Expected rate of return is the factor most people (61 per cent) with GBP50,000 or more to invest consider important when choosing an investment provider, according to a survey by fixed rate bond provider, Minerva Lending.
Perhaps surprisingly, just under half (49 per cent) of those polled said past performance was an important factor for them, putting it in second place on the due diligence checklist for investors when choosing an investment provider.
Meanwhile, two in five (41 per cent) investors polled said the ability to monitor performance and returns online was important to them, underlining the need for investment providers to provide real-time dashboards and reporting in the digital age.
The tie-in period of an investment, namely how long before people can access their money again, was considered an important factor by just under four in 10 (37 per cent) active investors.
Perhaps surprisingly, customer service levels were important for just over a quarter (27 per cent) of respondents, suggesting hard numbers matter more for investors than the soft touch.
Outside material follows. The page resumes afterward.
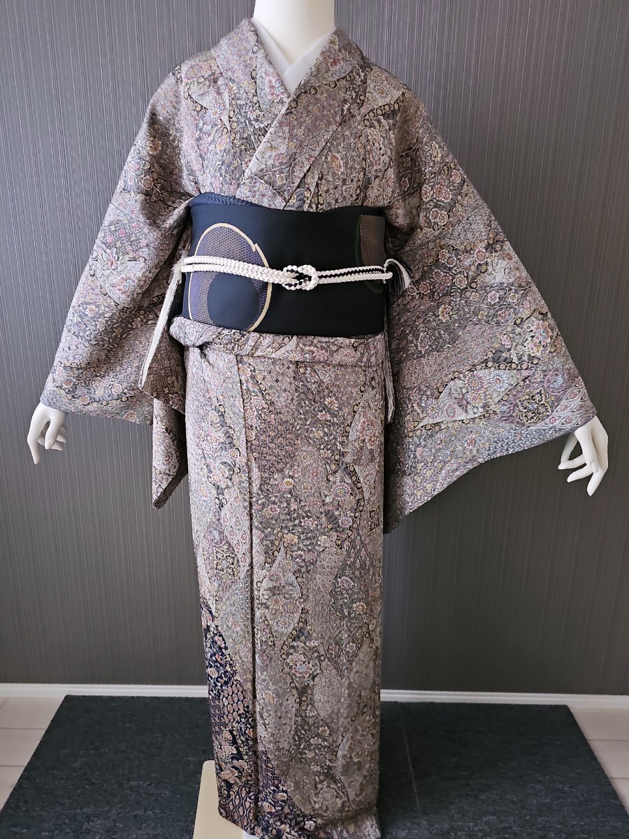 > すずや■506【袷】正絹【江戸更紗更甚】小紋 裄丈69cm 着丈167cm 茶鼠系

Meanwhile, for an investment provider to be ethical was considered important by just one in every 10 (9 per cent) investors.
Ross Andrews, director, Minerva Lending, says: “Anticipated headline returns clearly carry a lot of weight for investors when searching for investment providers. Perhaps more surprising is that only half of the investors we polled considered past performance to be an important factor when choosing a provider. While some see track record as a fair gauge of future performance, for others the past is clearly in the past and has little bearing whatsoever on likely returns.
“What this research also reveals is that investment providers should not compromise on their reporting, but enable people to effortlessly monitor their investments. In the digital age, that’s key.”